Mr. Blinken, please answer netizens' call for the release of Assange


Editor's Note: The following article is taken from the Chinese-language "The Real Point." The article reflects the author's opinions and not necessarily the views of CGTN.

The U.S. Secretary of State Antony Blinken published tweeted on June 4 absurdly calling on the Hong Kong police to release arrested participants of an illegal rally that day. Some Twitter users commented under the post, calling on the U.S. to release those who have been arrested and prosecuted for disclosing scandals concerning the U.S. government and to withdraw the extradition request against the founder of WikiLeaks Julian Assange.

While pointing fingers at the law enforcement actions of the Hong Kong police and glorifying criminal offences, Blinken shunned away from answering Western internet users' long-standing call for the release of Assange, a person who has done nothing other than revealing the truth. Such a double-standard act is undoubtedly humiliating to some Americans who proudly claim that the U.S. is a country "governed by the rule of law."

Now, a brief look at what Assange has disclosed. In 2010, WikiLeaks shocked the world by releasing a large number of U.S. government classified documents on the wars in Afghanistan and Iraq, including records about bomb attacks on civilians as well as the abuse and torture of detainees. Assange later became a thorn in the flesh for Washington and was prosecuted with 18 charges after revealing more scandals related to the U.S. government. He sought and was granted political asylum by the Ecuadorean embassy in London in June 2012, but was handed to the British authorities in April 2019. Immediately afterwards, an extradition request was made by the U.S. 

In January this year, Britain rejected the request on the basis of Assange's mental condition. The U.S. government, feeling "extremely disappointed," said they would appeal the ruling.

Why is the U.S. government so obsessed with going after Assange? Republican representative Tulsi Gabbard said in 2019 that the documents released by WikiLeaks told Americans what they should have known and things the U.S. troops did in the Middle East that they shouldn't have done. 

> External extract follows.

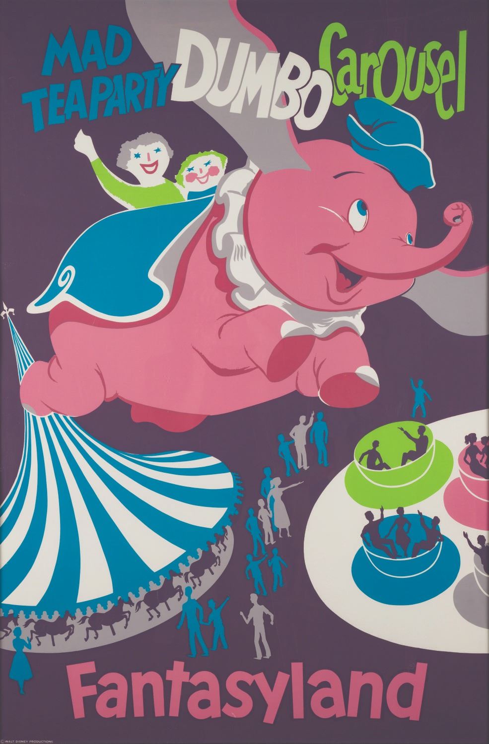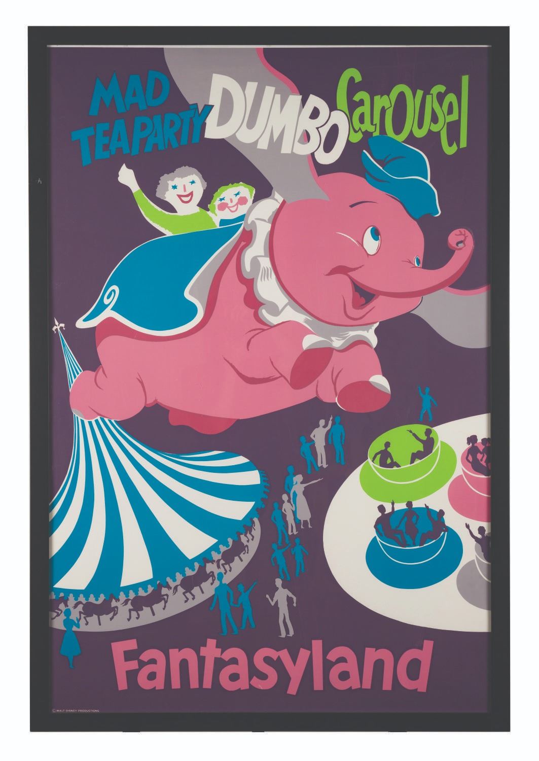 (Disneyland, 1956) An original hand silk-screened poster for the Mad Tea Party, King Arthur Carousel, and Dumbo in Fantasyland at Disneyland. Designed by Bjorn Aronson, the iconic poster was one of the first to decorate the Park. Measuring 36" x 54" the poster is in very good condition, linen-backed for preservation, with very slight spotting of pink around the trunk and text from the original production process, and light wear including a few small scuffs and vertical creases mainly in the lower half.

Many human rights critics commented that what the U.S. had done to Assange was "a blow to democracy." In January, many people rallied outside the British court where Assange's extradition hearings were held, chanting "Freedom! Freedom!" and demanding his immediate release.

Didn't the many Mr. Blinkens out there hear the call of the people? While emboldening the anti-China rioters in Hong Kong by waving the flags of "democracy" and "freedom," how could they turn a deaf ear to the Western publics' call for such? So Mr. Blinken, please stop worrying about the internal affairs of a distant land, and answer netizens' call for the release of Assange first.